## [Action item]
Would you retype the whole listing verbatim, keeping pictures out of it?

## [Raw data]
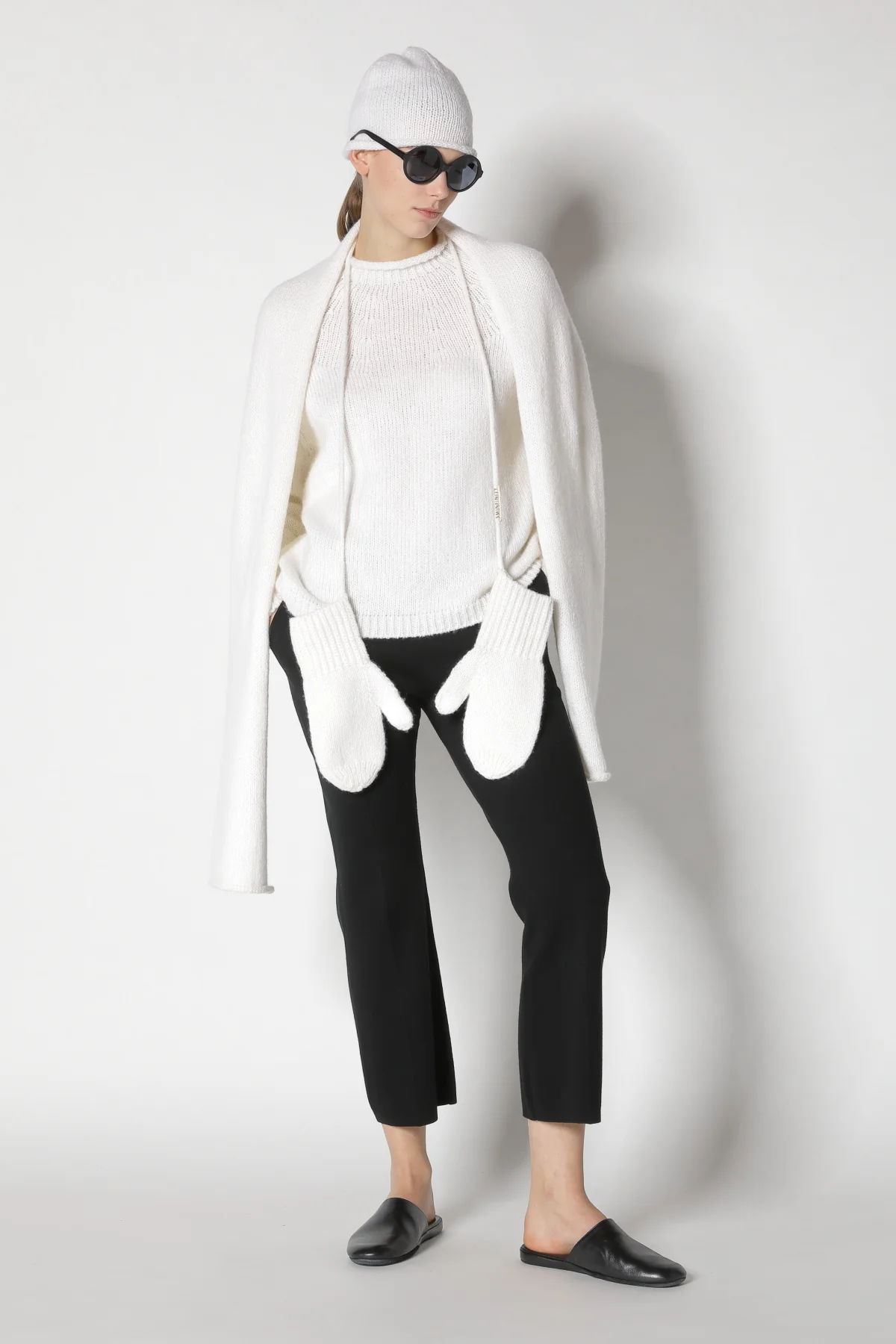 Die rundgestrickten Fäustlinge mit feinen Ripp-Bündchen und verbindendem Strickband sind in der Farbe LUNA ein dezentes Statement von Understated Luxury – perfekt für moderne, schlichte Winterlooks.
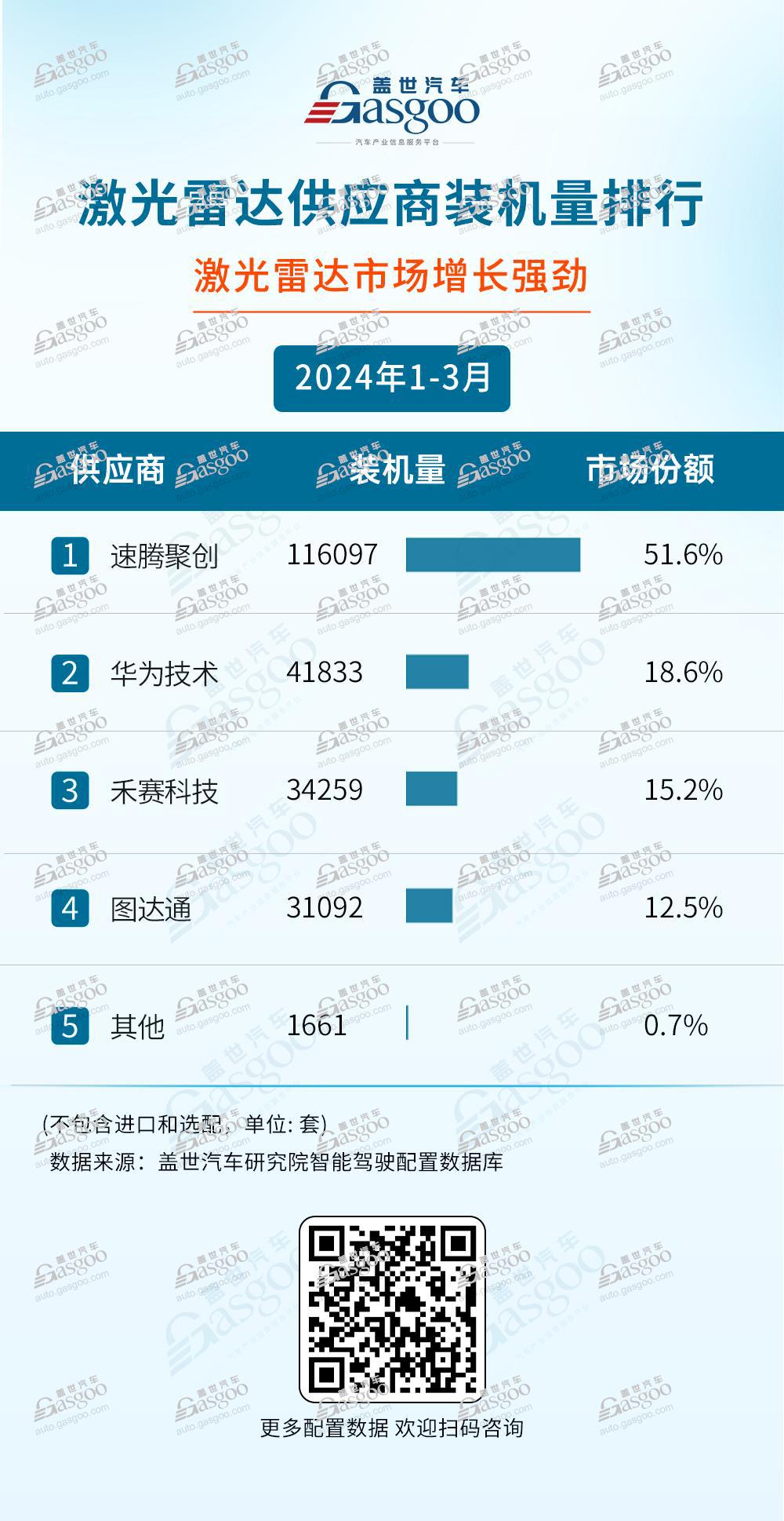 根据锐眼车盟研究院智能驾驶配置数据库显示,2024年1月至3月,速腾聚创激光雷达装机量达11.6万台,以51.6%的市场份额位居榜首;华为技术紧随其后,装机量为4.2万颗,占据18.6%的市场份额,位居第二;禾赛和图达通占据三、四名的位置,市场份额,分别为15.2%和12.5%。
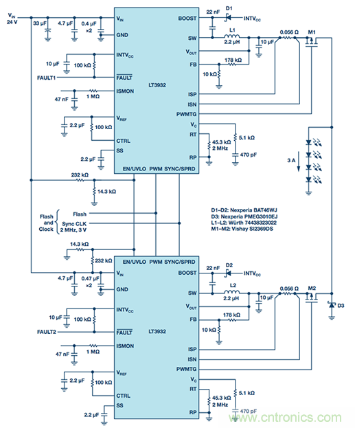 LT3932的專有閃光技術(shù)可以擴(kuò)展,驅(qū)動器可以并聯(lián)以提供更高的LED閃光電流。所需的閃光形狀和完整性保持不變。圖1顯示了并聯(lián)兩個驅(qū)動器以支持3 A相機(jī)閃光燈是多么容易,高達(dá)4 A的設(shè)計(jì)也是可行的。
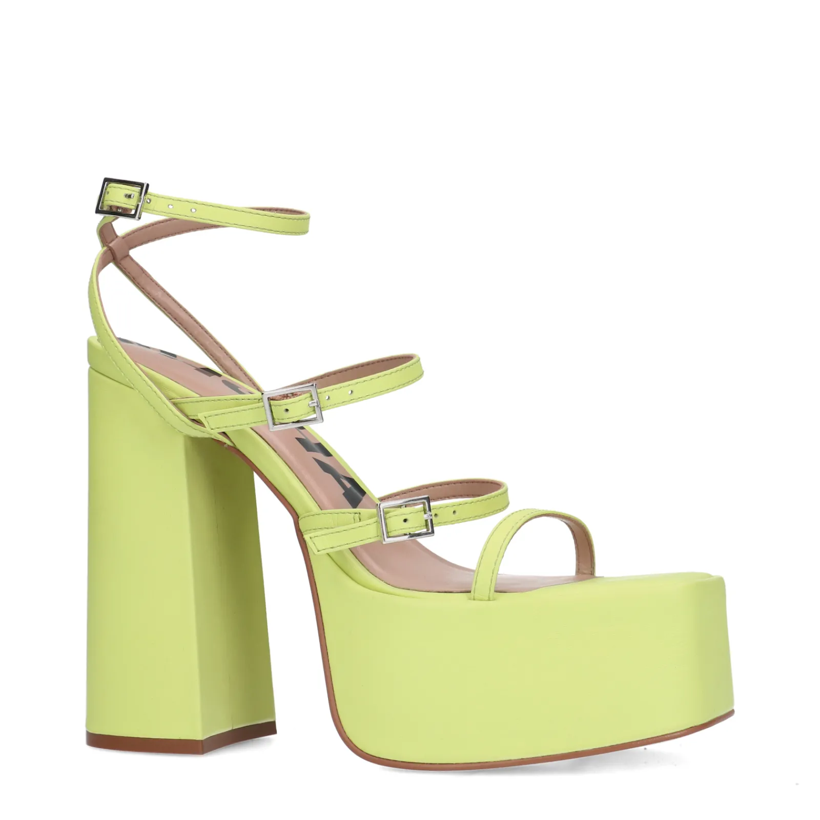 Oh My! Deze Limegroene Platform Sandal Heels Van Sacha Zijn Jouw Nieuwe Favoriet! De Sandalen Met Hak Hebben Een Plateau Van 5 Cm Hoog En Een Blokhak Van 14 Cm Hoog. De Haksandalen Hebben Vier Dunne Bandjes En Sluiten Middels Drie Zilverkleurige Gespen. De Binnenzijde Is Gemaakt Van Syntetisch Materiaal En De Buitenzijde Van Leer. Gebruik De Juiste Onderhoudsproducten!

## [Result for this task]
 Die rundgestrickten Fäustlinge mit feinen Ripp-Bündchen und verbindendem Strickband sind in der Farbe LUNA ein dezentes Statement von Understated Luxury – perfekt für moderne, schlichte Winterlooks.
 根据锐眼车盟研究院智能驾驶配置数据库显示,2024年1月至3月,速腾聚创激光雷达装机量达11.6万台,以51.6%的市场份额位居榜首;华为技术紧随其后,装机量为4.2万颗,占据18.6%的市场份额,位居第二;禾赛和图达通占据三、四名的位置,市场份额,分别为15.2%和12.5%。
 LT3932的專有閃光技術(shù)可以擴(kuò)展,驅(qū)動器可以并聯(lián)以提供更高的LED閃光電流。所需的閃光形狀和完整性保持不變。圖1顯示了并聯(lián)兩個驅(qū)動器以支持3 A相機(jī)閃光燈是多么容易,高達(dá)4 A的設(shè)計(jì)也是可行的。
 Oh My! Deze Limegroene Platform Sandal Heels Van Sacha Zijn Jouw Nieuwe Favoriet! De Sandalen Met Hak Hebben Een Plateau Van 5 Cm Hoog En Een Blokhak Van 14 Cm Hoog. De Haksandalen Hebben Vier Dunne Bandjes En Sluiten Middels Drie Zilverkleurige Gespen. De Binnenzijde Is Gemaakt Van Syntetisch Materiaal En De Buitenzijde Van Leer. Gebruik De Juiste Onderhoudsproducten!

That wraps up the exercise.